REQUIRED ACTION —
The records below are to be quoted in full; please keep every word exact.

───── SOURCE INFORMATION ─────

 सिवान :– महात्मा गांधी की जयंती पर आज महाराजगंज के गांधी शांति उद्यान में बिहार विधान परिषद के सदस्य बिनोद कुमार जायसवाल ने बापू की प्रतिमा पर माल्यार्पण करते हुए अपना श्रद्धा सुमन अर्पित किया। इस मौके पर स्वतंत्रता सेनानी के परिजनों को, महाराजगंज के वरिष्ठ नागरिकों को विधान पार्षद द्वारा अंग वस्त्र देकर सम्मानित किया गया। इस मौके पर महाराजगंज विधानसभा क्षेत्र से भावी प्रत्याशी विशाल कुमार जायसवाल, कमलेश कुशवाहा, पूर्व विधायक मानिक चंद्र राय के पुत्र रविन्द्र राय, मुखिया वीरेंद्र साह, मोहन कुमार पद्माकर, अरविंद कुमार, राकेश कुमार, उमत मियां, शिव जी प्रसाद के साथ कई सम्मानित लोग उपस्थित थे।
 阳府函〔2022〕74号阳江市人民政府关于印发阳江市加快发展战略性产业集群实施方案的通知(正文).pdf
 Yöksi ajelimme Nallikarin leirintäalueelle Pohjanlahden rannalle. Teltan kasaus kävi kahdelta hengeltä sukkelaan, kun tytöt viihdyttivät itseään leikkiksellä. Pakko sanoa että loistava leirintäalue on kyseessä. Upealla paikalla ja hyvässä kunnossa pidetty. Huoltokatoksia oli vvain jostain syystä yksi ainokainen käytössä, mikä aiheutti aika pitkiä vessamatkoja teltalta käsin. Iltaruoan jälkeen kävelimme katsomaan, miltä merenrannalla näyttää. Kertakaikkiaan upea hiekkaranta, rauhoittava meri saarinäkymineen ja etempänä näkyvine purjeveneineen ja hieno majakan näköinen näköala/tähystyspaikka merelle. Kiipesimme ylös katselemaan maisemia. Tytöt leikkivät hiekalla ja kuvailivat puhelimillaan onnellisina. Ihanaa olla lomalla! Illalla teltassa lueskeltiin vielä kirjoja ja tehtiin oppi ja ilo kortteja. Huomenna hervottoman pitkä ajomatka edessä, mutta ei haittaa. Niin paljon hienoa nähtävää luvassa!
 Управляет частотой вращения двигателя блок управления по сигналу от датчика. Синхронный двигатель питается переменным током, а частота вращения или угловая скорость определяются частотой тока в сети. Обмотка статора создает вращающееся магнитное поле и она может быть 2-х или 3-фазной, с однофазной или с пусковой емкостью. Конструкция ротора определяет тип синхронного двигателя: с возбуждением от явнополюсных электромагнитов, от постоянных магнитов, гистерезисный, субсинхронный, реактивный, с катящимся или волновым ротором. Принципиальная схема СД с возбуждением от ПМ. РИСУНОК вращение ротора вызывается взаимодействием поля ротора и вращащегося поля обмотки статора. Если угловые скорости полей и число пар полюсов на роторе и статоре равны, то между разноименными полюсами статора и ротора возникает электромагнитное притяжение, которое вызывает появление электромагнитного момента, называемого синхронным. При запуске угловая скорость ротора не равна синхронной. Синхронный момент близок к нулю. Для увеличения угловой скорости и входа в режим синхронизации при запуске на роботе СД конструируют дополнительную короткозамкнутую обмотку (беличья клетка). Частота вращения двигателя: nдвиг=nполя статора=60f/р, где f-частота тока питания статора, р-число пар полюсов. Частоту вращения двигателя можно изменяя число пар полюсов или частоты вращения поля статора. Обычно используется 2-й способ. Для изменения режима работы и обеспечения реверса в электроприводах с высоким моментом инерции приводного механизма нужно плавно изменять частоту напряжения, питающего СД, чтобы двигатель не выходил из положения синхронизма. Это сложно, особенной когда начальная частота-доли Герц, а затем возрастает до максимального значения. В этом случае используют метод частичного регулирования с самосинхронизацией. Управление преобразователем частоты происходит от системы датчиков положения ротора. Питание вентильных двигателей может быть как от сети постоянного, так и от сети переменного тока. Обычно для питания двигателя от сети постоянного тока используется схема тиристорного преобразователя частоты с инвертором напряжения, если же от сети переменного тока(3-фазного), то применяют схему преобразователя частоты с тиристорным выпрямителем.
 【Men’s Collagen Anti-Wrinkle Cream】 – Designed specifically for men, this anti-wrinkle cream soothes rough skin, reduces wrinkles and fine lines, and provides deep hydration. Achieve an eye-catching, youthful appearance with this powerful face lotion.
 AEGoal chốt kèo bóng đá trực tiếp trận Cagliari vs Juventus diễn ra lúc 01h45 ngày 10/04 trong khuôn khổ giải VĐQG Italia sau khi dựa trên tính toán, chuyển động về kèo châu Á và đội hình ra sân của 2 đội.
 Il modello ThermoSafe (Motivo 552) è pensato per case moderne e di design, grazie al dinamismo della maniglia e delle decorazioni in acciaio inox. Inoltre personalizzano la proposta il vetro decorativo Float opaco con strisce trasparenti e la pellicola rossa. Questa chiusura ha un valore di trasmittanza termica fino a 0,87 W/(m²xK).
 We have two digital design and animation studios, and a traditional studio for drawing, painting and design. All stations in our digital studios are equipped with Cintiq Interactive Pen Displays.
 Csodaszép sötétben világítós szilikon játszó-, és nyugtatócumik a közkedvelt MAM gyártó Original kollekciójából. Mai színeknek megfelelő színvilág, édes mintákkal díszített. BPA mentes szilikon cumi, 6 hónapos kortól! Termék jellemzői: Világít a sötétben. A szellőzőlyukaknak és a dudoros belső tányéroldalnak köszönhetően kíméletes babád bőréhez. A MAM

─────

TASK RESPONSE —
 सिवान :– महात्मा गांधी की जयंती पर आज महाराजगंज के गांधी शांति उद्यान में बिहार विधान परिषद के सदस्य बिनोद कुमार जायसवाल ने बापू की प्रतिमा पर माल्यार्पण करते हुए अपना श्रद्धा सुमन अर्पित किया। इस मौके पर स्वतंत्रता सेनानी के परिजनों को, महाराजगंज के वरिष्ठ नागरिकों को विधान पार्षद द्वारा अंग वस्त्र देकर सम्मानित किया गया। इस मौके पर महाराजगंज विधानसभा क्षेत्र से भावी प्रत्याशी विशाल कुमार जायसवाल, कमलेश कुशवाहा, पूर्व विधायक मानिक चंद्र राय के पुत्र रविन्द्र राय, मुखिया वीरेंद्र साह, मोहन कुमार पद्माकर, अरविंद कुमार, राकेश कुमार, उमत मियां, शिव जी प्रसाद के साथ कई सम्मानित लोग उपस्थित थे।
 阳府函〔2022〕74号阳江市人民政府关于印发阳江市加快发展战略性产业集群实施方案的通知(正文).pdf
 Yöksi ajelimme Nallikarin leirintäalueelle Pohjanlahden rannalle. Teltan kasaus kävi kahdelta hengeltä sukkelaan, kun tytöt viihdyttivät itseään leikkiksellä. Pakko sanoa että loistava leirintäalue on kyseessä. Upealla paikalla ja hyvässä kunnossa pidetty. Huoltokatoksia oli vvain jostain syystä yksi ainokainen käytössä, mikä aiheutti aika pitkiä vessamatkoja teltalta käsin. Iltaruoan jälkeen kävelimme katsomaan, miltä merenrannalla näyttää. Kertakaikkiaan upea hiekkaranta, rauhoittava meri saarinäkymineen ja etempänä näkyvine purjeveneineen ja hieno majakan näköinen näköala/tähystyspaikka merelle. Kiipesimme ylös katselemaan maisemia. Tytöt leikkivät hiekalla ja kuvailivat puhelimillaan onnellisina. Ihanaa olla lomalla! Illalla teltassa lueskeltiin vielä kirjoja ja tehtiin oppi ja ilo kortteja. Huomenna hervottoman pitkä ajomatka edessä, mutta ei haittaa. Niin paljon hienoa nähtävää luvassa!
 Управляет частотой вращения двигателя блок управления по сигналу от датчика. Синхронный двигатель питается переменным током, а частота вращения или угловая скорость определяются частотой тока в сети. Обмотка статора создает вращающееся магнитное поле и она может быть 2-х или 3-фазной, с однофазной или с пусковой емкостью. Конструкция ротора определяет тип синхронного двигателя: с возбуждением от явнополюсных электромагнитов, от постоянных магнитов, гистерезисный, субсинхронный, реактивный, с катящимся или волновым ротором. Принципиальная схема СД с возбуждением от ПМ. РИСУНОК вращение ротора вызывается взаимодействием поля ротора и вращащегося поля обмотки статора. Если угловые скорости полей и число пар полюсов на роторе и статоре равны, то между разноименными полюсами статора и ротора возникает электромагнитное притяжение, которое вызывает появление электромагнитного момента, называемого синхронным. При запуске угловая скорость ротора не равна синхронной. Синхронный момент близок к нулю. Для увеличения угловой скорости и входа в режим синхронизации при запуске на роботе СД конструируют дополнительную короткозамкнутую обмотку (беличья клетка). Частота вращения двигателя: nдвиг=nполя статора=60f/р, где f-частота тока питания статора, р-число пар полюсов. Частоту вращения двигателя можно изменяя число пар полюсов или частоты вращения поля статора. Обычно используется 2-й способ. Для изменения режима работы и обеспечения реверса в электроприводах с высоким моментом инерции приводного механизма нужно плавно изменять частоту напряжения, питающего СД, чтобы двигатель не выходил из положения синхронизма. Это сложно, особенной когда начальная частота-доли Герц, а затем возрастает до максимального значения. В этом случае используют метод частичного регулирования с самосинхронизацией. Управление преобразователем частоты происходит от системы датчиков положения ротора. Питание вентильных двигателей может быть как от сети постоянного, так и от сети переменного тока. Обычно для питания двигателя от сети постоянного тока используется схема тиристорного преобразователя частоты с инвертором напряжения, если же от сети переменного тока(3-фазного), то применяют схему преобразователя частоты с тиристорным выпрямителем.
 【Men’s Collagen Anti-Wrinkle Cream】 – Designed specifically for men, this anti-wrinkle cream soothes rough skin, reduces wrinkles and fine lines, and provides deep hydration. Achieve an eye-catching, youthful appearance with this powerful face lotion.
 AEGoal chốt kèo bóng đá trực tiếp trận Cagliari vs Juventus diễn ra lúc 01h45 ngày 10/04 trong khuôn khổ giải VĐQG Italia sau khi dựa trên tính toán, chuyển động về kèo châu Á và đội hình ra sân của 2 đội.
 Il modello ThermoSafe (Motivo 552) è pensato per case moderne e di design, grazie al dinamismo della maniglia e delle decorazioni in acciaio inox. Inoltre personalizzano la proposta il vetro decorativo Float opaco con strisce trasparenti e la pellicola rossa. Questa chiusura ha un valore di trasmittanza termica fino a 0,87 W/(m²xK).
 We have two digital design and animation studios, and a traditional studio for drawing, painting and design. All stations in our digital studios are equipped with Cintiq Interactive Pen Displays.
 Csodaszép sötétben világítós szilikon játszó-, és nyugtatócumik a közkedvelt MAM gyártó Original kollekciójából. Mai színeknek megfelelő színvilág, édes mintákkal díszített. BPA mentes szilikon cumi, 6 hónapos kortól! Termék jellemzői: Világít a sötétben. A szellőzőlyukaknak és a dudoros belső tányéroldalnak köszönhetően kíméletes babád bőréhez. A MAM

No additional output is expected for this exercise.